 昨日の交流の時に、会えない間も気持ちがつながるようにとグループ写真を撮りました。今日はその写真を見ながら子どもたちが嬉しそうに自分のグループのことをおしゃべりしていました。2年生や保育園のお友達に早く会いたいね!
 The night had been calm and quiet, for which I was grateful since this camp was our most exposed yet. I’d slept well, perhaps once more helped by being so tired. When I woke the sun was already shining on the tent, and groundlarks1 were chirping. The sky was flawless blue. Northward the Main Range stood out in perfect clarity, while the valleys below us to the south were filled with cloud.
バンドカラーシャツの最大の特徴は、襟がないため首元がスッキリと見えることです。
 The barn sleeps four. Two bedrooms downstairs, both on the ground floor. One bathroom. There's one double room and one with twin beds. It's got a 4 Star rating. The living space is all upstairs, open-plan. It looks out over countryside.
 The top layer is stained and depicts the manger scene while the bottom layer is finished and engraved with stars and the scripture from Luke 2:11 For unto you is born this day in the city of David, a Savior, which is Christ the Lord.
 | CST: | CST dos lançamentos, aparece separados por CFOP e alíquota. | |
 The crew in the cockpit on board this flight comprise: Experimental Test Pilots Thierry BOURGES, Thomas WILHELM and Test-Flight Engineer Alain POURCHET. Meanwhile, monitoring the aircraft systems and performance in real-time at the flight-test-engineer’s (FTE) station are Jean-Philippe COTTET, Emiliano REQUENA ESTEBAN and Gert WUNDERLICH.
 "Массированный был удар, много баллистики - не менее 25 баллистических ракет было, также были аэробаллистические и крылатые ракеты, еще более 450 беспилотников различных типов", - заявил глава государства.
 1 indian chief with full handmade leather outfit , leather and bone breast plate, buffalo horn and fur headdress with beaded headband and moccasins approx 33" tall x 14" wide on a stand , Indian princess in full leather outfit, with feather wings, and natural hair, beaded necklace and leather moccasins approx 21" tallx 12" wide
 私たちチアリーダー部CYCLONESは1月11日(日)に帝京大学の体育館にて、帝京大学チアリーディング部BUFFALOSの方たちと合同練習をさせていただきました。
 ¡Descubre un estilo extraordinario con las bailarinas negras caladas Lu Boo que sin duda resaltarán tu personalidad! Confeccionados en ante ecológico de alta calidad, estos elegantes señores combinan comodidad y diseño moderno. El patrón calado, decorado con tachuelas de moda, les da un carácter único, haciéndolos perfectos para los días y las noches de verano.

Problem description: From the material above, copy exactly the lines between the line holding "1 indian chief" and the line holding "私たちチアリーダー部CYCL", inclusive, and only those.

Answer section:
 1 indian chief with full handmade leather outfit , leather and bone breast plate, buffalo horn and fur headdress with beaded headband and moccasins approx 33" tall x 14" wide on a stand , Indian princess in full leather outfit, with feather wings, and natural hair, beaded necklace and leather moccasins approx 21" tallx 12" wide
 私たちチアリーダー部CYCLONESは1月11日(日)に帝京大学の体育館にて、帝京大学チアリーディング部BUFFALOSの方たちと合同練習をさせていただきました。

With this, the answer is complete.